Stored entries
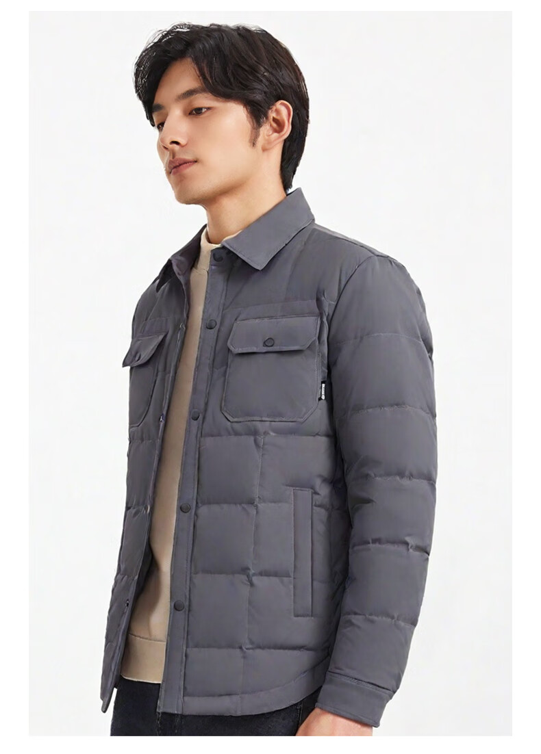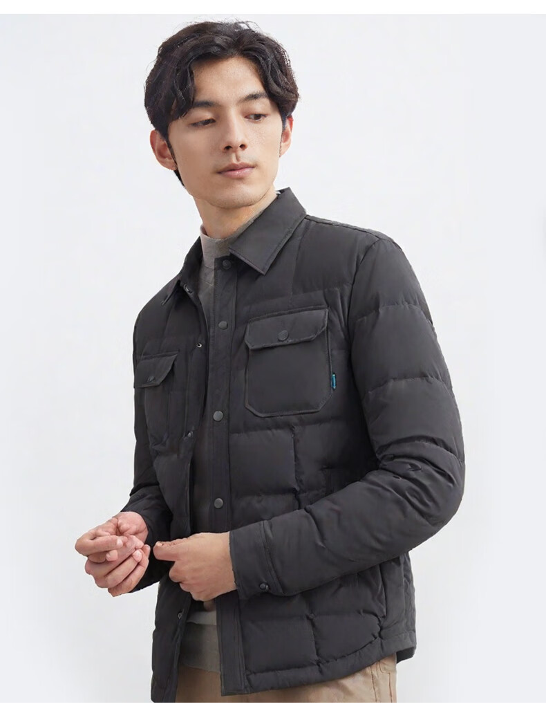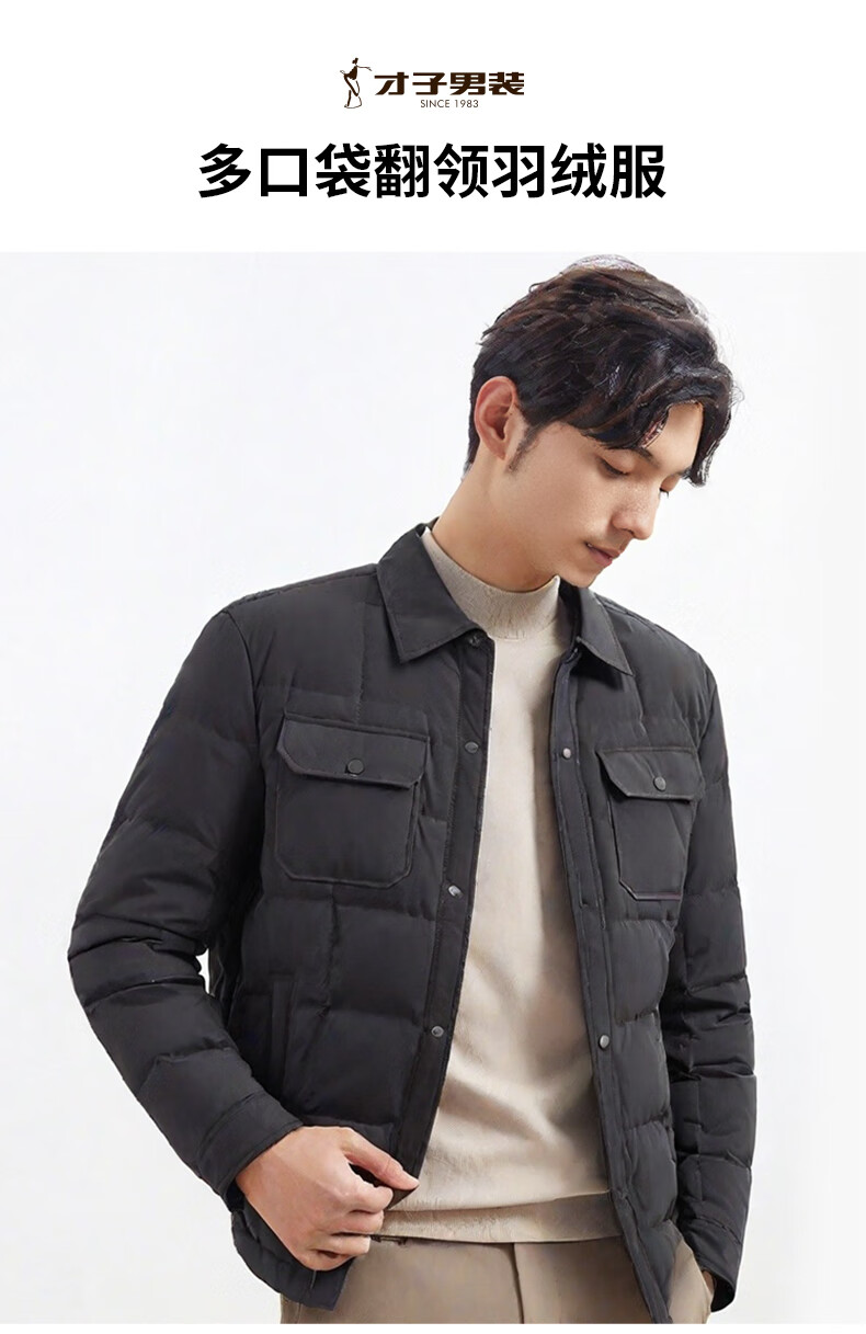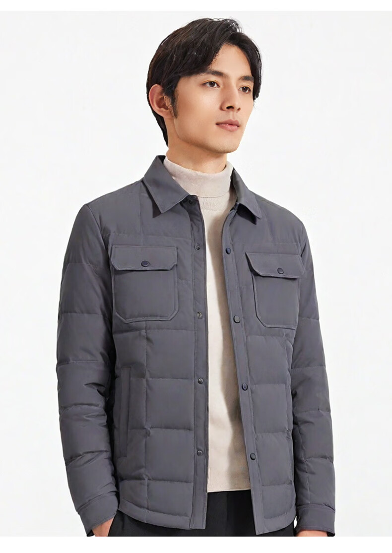 才子(TRIES)羽绒服男时尚翻领多口袋修身休闲简约易穿搭85%鸭绒保暖防水 灰色 L (170/88A)
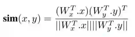 x和y分别是指文本和视觉数据的点。为了比较x和y,我们可以使用余弦相似度:
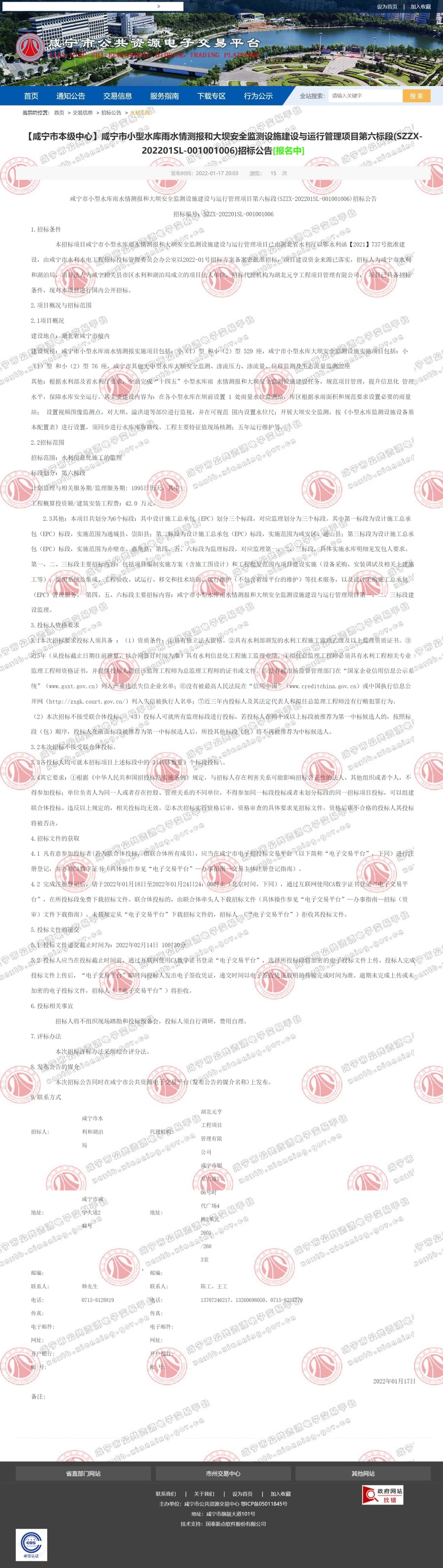 | 本招标项目咸宁市小型水库雨水情测报和大坝安全监测设施建设与运行管理项目已由湖北省水利厅以鄂水利函【2021】737号批准建设,由咸宁市水利水电工程招标投标管理委员会办公室以2022-01号招标方案备案表批准招标,项目建设资金来源已落实,招标人为咸宁市水利和湖泊局,项目法人为咸宁相关县市区水利和湖泊局成立的项目法人单位,招标代理机构为湖北元亨工程项目管理有限公司, 项目已具备招标条件,现对本项目进行国内公开招标。 | |||||||||||||||||||||||||||||||||||||||||
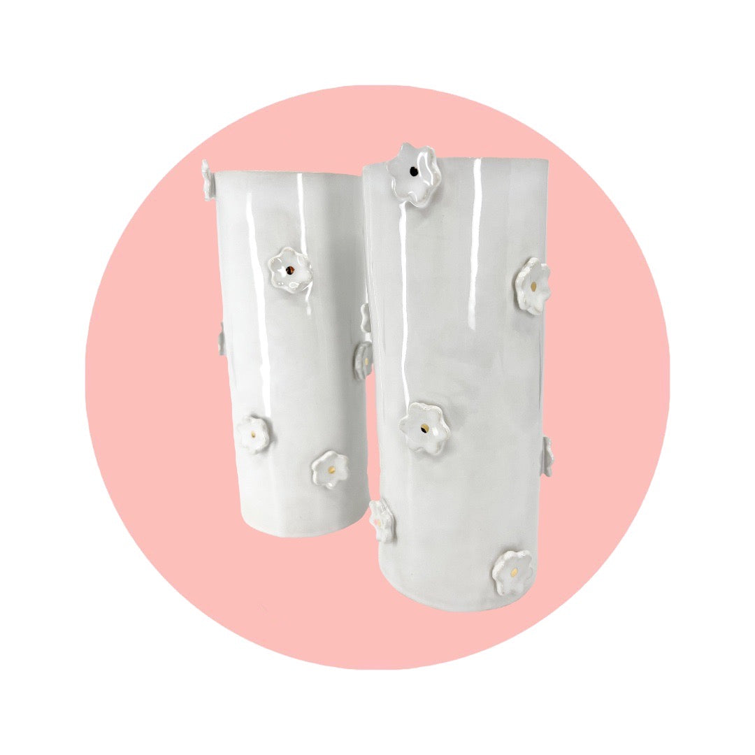 Ceramic blooms dance all around these sweet little hand built vases.
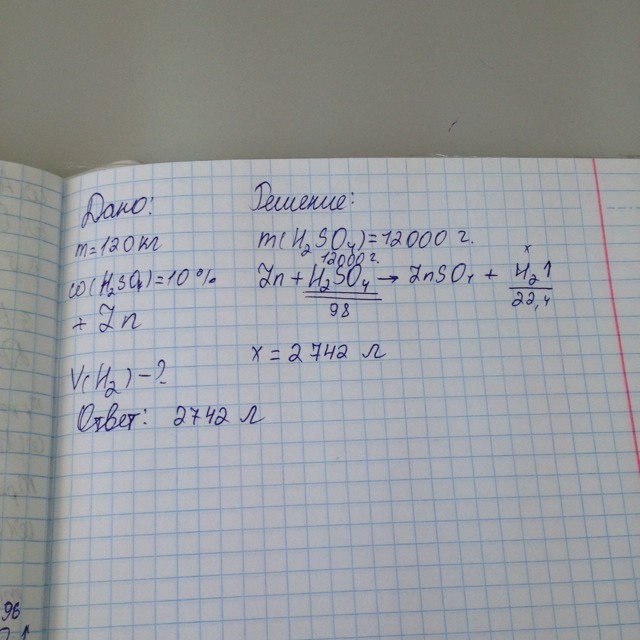 достаточное количество цинка обработали 120 кг 10% раствора серной кислоты.Определите объем выделившегося газа?
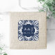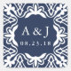 Selle sus sobres de invitación a la boda, favores y más con nuestros elegantes pegatinas de inspiración marroquí en marina y blanco. El diseño cuadrado redondeado presenta sus iniciales y fecha boda rodeadas por un borde geométrico en blanco sobre un fondo azul marino clásico. Coordina con nuestra colección de invitaciones a bodas de Marrakesh en la marina.
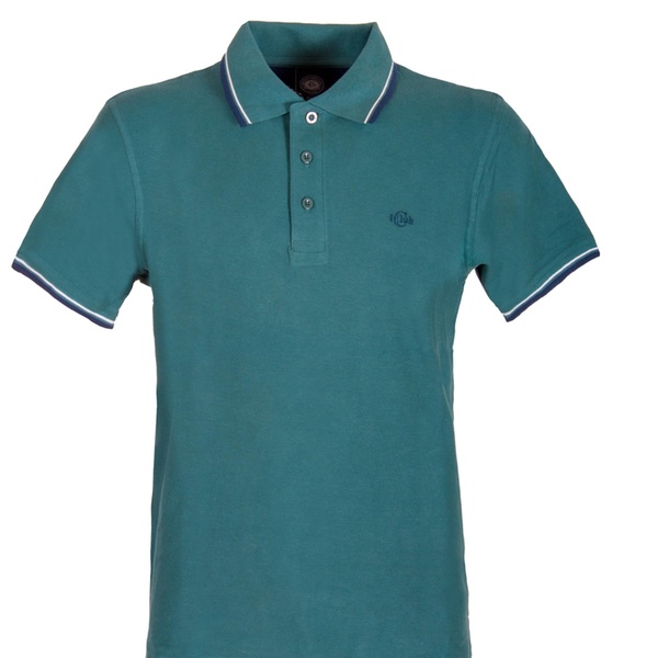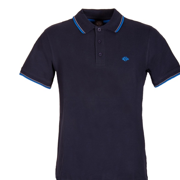 Ein klassisches Polo-Shirt von Nazareno Gabrielli mit iClub-Logo auf der Brust und Rippstrickkragen mit zwei kontrastfarbigen Streifen
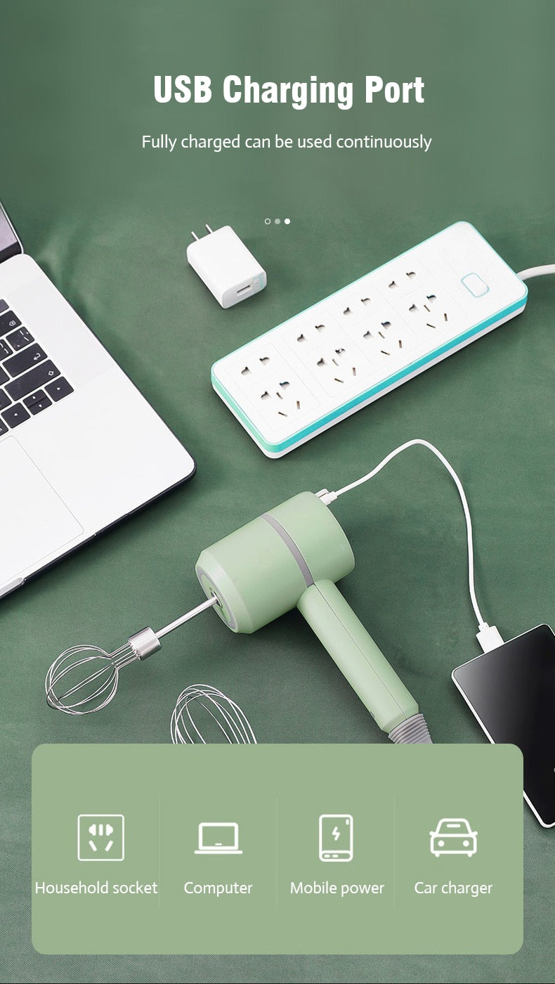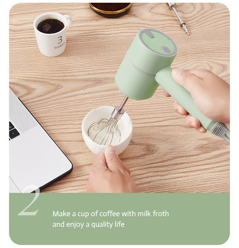 USB 2 In 1 Electric milk frother Garlic Chopper Masher Whisk Egg Beater 3-Speed Mixer Kitchen Handheld Automatic frother foamer
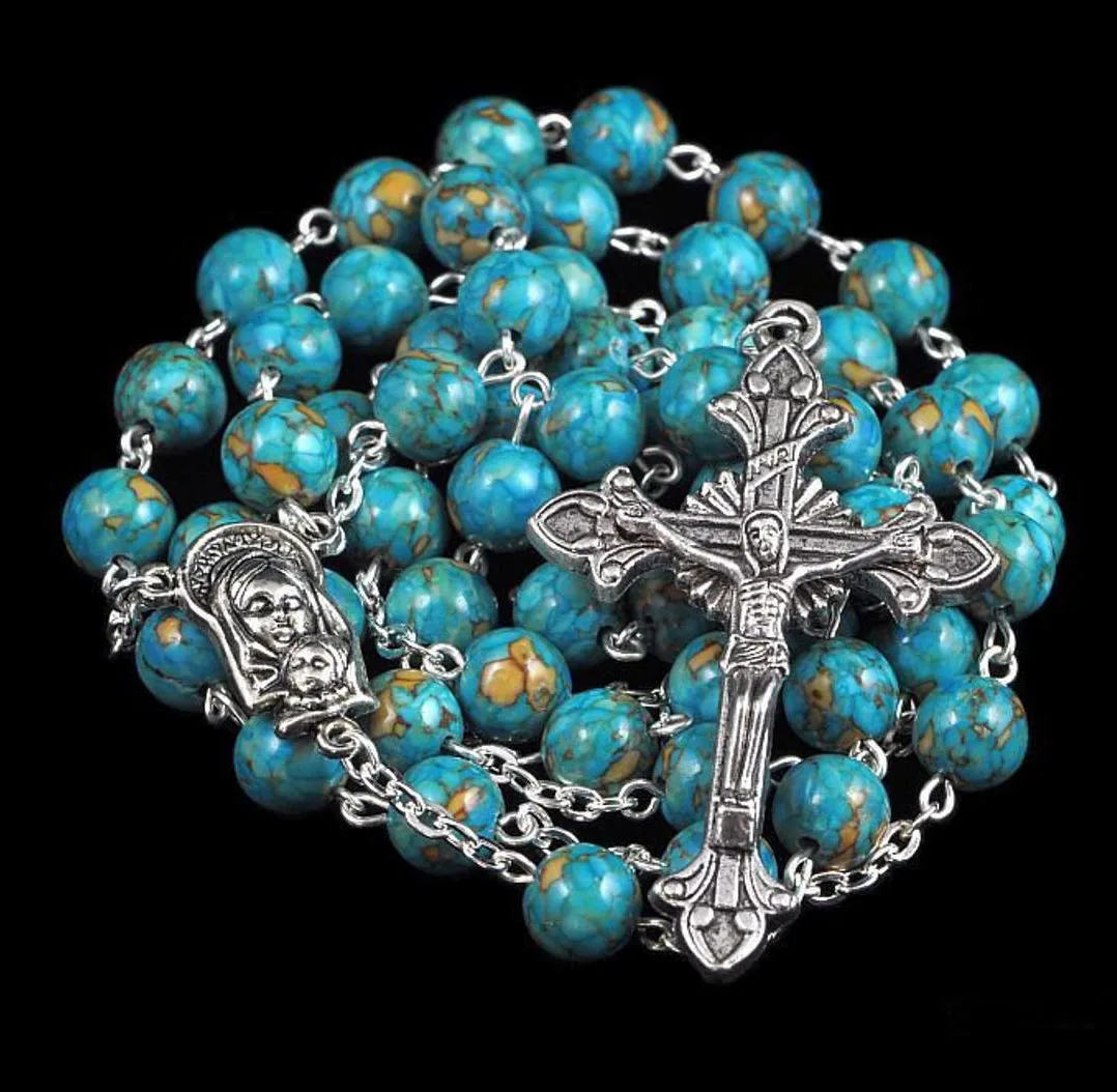 This Catholic rosary features beautiful Czech AB glass beads. The five-decade design follows traditional rosary structure. The glass beads reflect light with a subtle, elegant shimmer. Silver-tone components add a classic and timeless finish. This rosary is ideal for daily prayer and devotion. Its craftsmanship reflects reverence and spiritual care. The smooth beads feel comfortable in the hands during prayer. Suitable for both adults and children of faith. It makes a meaningful First Communion gift. Also perfect for confirmations and other religious occasions. The rosary is lightweight yet durable for long-term use. This piece beautifully combines tradition, faith, and elegant design.
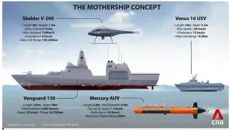 图 3:母舰概念 Aqil Haziq Mahmud,"潜艇猎手,侦察领导者:海军母舰及其无人系统能做什么",亚洲新闻频道 CAN,新加坡: 2019 年 5 月 19 日。
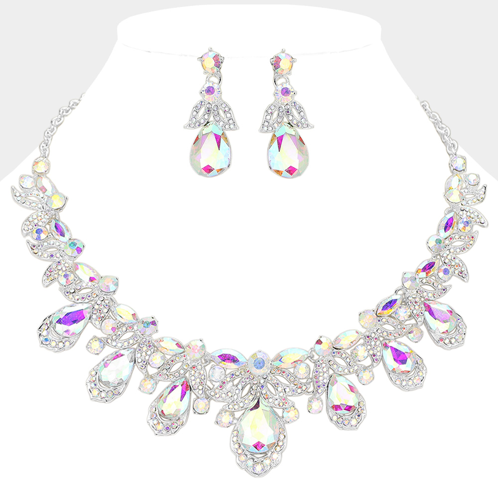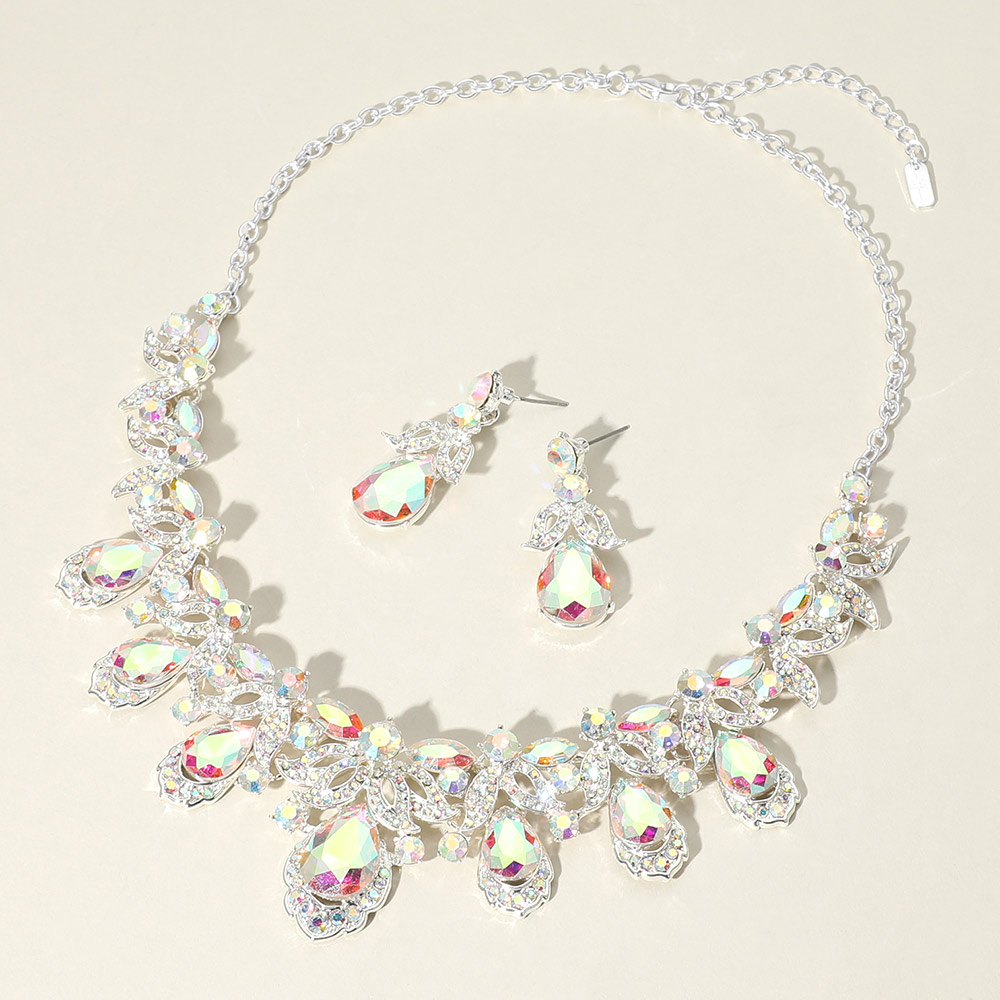 Teardrop Stone Cluster Pointed Marquise Round Stone Embellished Collar Evening Necklace
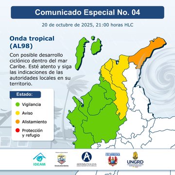 La Mesa Técnica de Alertas de Ciclones Tropicales elevó este lunes en horas de la noche, el nivel de alistamiento máximo en La Guajira ante el fortalecimiento de la perturbación AL98, que presenta un 90 % de probabilidad de desarrollo en las próximas 48 horas.
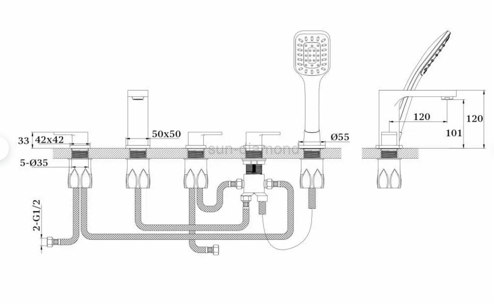 Ganzer Смеситель на борт ванны на 5 отверстий Ganzer GZ12088 хром информация:
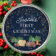 Cute woodland animals for a baby boy first Christmas. Our cute forest scene featuring a beer and trees set on a starry blue background. Matching items available in our shop.
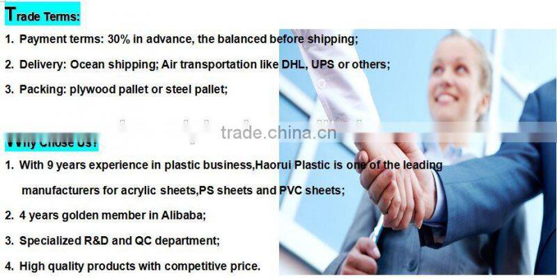 The acrylic sheet was made from the MMA monomer, which was manufactured by worldwide famous factories, after thermal treatment in high temperature drying room for 5-6 hours. It is an excellent product which complies with SGS.
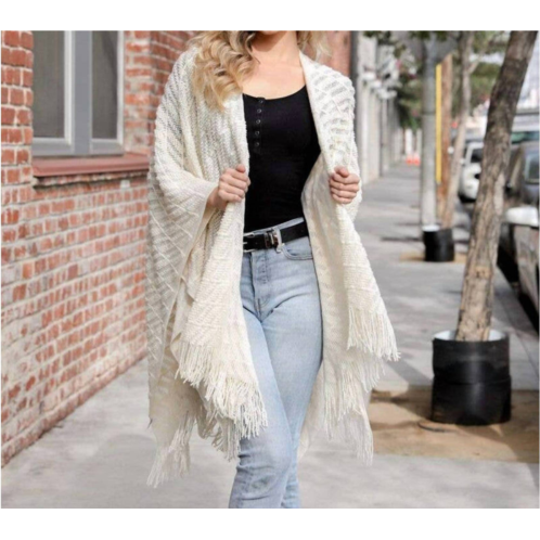 [US] LETO diagonal knit tassel ruana wrap shawl in ivory
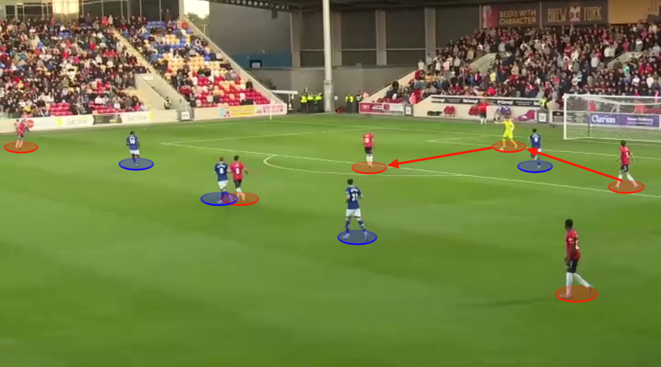 Below, we can see how York again built in a 4-1-5 shape. The front five pinned Rochdale into a back-five, which meant that Allarakhia couldn’t jump to press. Consequently, Rodney had to mark out wide which meant that Mitchell was easily overloaded 2v1. From here, York could find the spare man with ease and progress.

▶ PROMPT:
Would you set down only the lines above from the line with "Selle sus sobres" to the line with "USB 2 In 1 Electric", both included, exactly as they stand and without the pictures?

▶ OUTPUT FOR THIS EXERCISE:
 Selle sus sobres de invitación a la boda, favores y más con nuestros elegantes pegatinas de inspiración marroquí en marina y blanco. El diseño cuadrado redondeado presenta sus iniciales y fecha boda rodeadas por un borde geométrico en blanco sobre un fondo azul marino clásico. Coordina con nuestra colección de invitaciones a bodas de Marrakesh en la marina.
 Ein klassisches Polo-Shirt von Nazareno Gabrielli mit iClub-Logo auf der Brust und Rippstrickkragen mit zwei kontrastfarbigen Streifen
 USB 2 In 1 Electric milk frother Garlic Chopper Masher Whisk Egg Beater 3-Speed Mixer Kitchen Handheld Automatic frother foamer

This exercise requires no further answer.